The GitHub Actions workflow does this automatically on push to `main`.

### Rotating JWT_SECRET

All active admin sessions will be invalidated immediately. Provider API keys are **not** affected.

1. Stop the app
2. Update `JWT_SECRET` in `.env`
3. Start the app — all users must log in again

### Rotating ENCRYPTION_KEY

⚠️ **This is destructive.** All saved provider API keys will become undecryptable.

1. Export all provider configs before rotating
2. Update `ENCRYPTION_KEY`
3. Restart — re-enter all provider API keys via the admin UI

---

## Troubleshooting

**Setup wizard doesn't appear**
→ The app detects an existing admin user.

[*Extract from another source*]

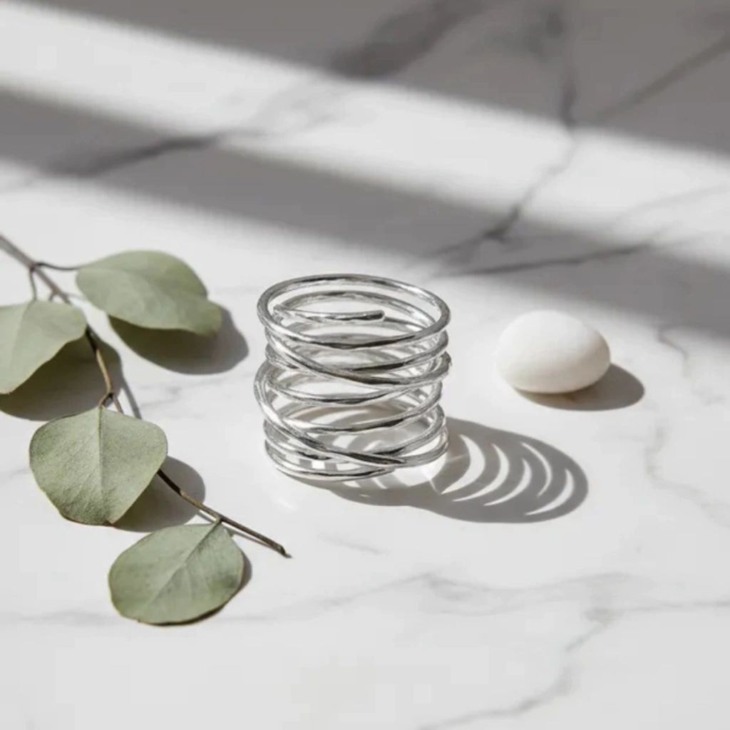 O Anel de Mola banhado a ródio une praticidade e sofisticação em um design que se ajusta ao dedo com leveza. A estrutura em mola confere conforto no uso e visual contemporâneo, enquanto o acabamento prateado do ródio acrescenta elegância versátil para compor do dia a dia às ocasiões especiais. Discreto e marcante na medida certa, funciona sozinho como destaque minimalista ou em mix com outros anéis, criando combinações modernas sem exageros.

If starting fresh, run `just dev-clean` to wipe the DB.

**Provider connection fails ("Could not reach provider")**
→ Use the "Check Connection" button — it runs a detailed probe and shows exactly which URL/path failed. Common causes: wrong base URL (should not include `/v1`), wrong API key, SSL certificate issues (enable "Skip SSL" for self-signed certs).

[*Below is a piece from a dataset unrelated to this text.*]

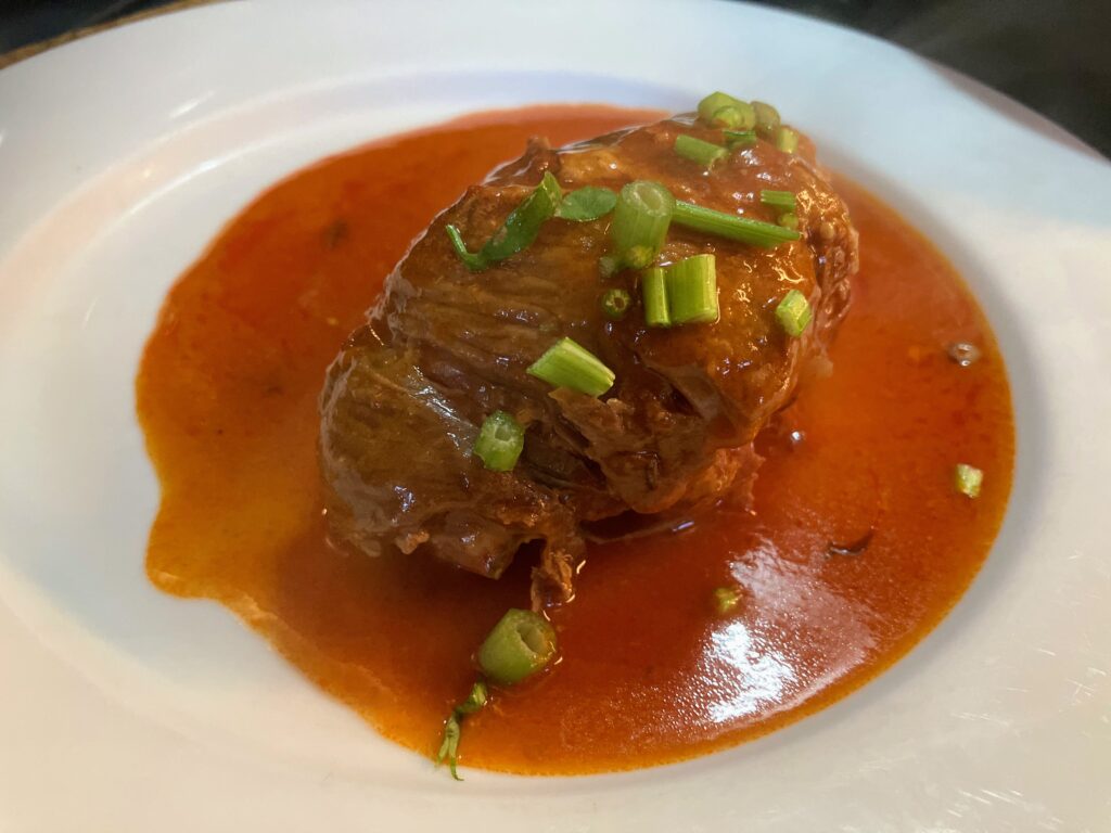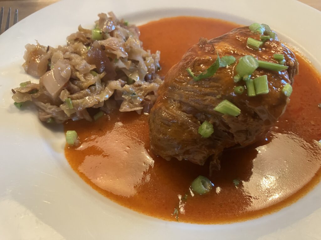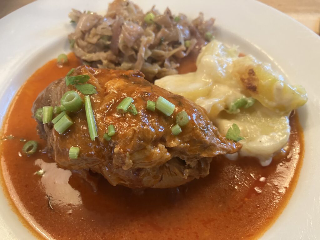 Das ist schon verdammt lecker. Sehr kräftig und rund im Geschmack, schöne Soße, ganz zartes Fleisch und wenn man das nicht erwähnen würde, käme keiner auf die Idee dass das keine Rinderroulade ist, sondern “nur” Schwein.

**"Cannot read properties of undefined (reading 'toLowerCase')"on Models page**
→ A provider is missing the `providerName` field. Re-save the provider in the admin UI to trigger model re-discovery.

**Charts show no data on dashboard**
→ Analytics are written asynchronously. Wait for a few requests to complete, then refresh. If still empty, check `LOG_LEVEL=debug` for analytics errors.

**Context overflow / model escalation not working**
→ Ensure the provider's models have `contextWindow` values in the model registry. Models with no context window set will not trigger auto-upgrade.

**LDAP login fails**
→ Check the LDAP config in Settings → LDAP. The `bindDN` user needs read access to the user search base. Enable `debug` log level to see the full LDAP bind attempt.

---

## Documentation

| Document | Contents |
|---|---|
| [docs/getting-started.md](docs/getting-started.md) | Installation, setup wizard, first tenant, production deployment |
| [docs/architecture.md](docs/architecture.md) | System overview, request flow, directory structure, security, RBAC |
| [docs/routing.md](docs/routing.md) | Full routing pipeline: signal extraction, override rules, LLM classifier, categories, presets, model selection |
| [docs/providers.md](docs/providers.md) | Provider types, connection testing, model discovery, adapters, model registry |
| [docs/tenants.md](docs/tenants.md) | Tenant config, API key lifecycle, model access control, routing config, self-service portal |
| [docs/analytics.md](docs/analytics.md) | Cost tracking, token stats, dashboard metrics, Prometheus |
| [docs/api-reference.md](docs/api-reference.md) | All gateway and admin API endpoints with request/response examples |
| [docs/operations.md](docs/operations.md) | Production deployment: scaling, capacity planning, nginx config, security hardening, backup, upgrades |
| [CHANGELOG.md](CHANGELOG.md) | Version history |

---

## License

Licensed under the **Apache License 2.0**.

See [LICENSE](./LICENSE) for details.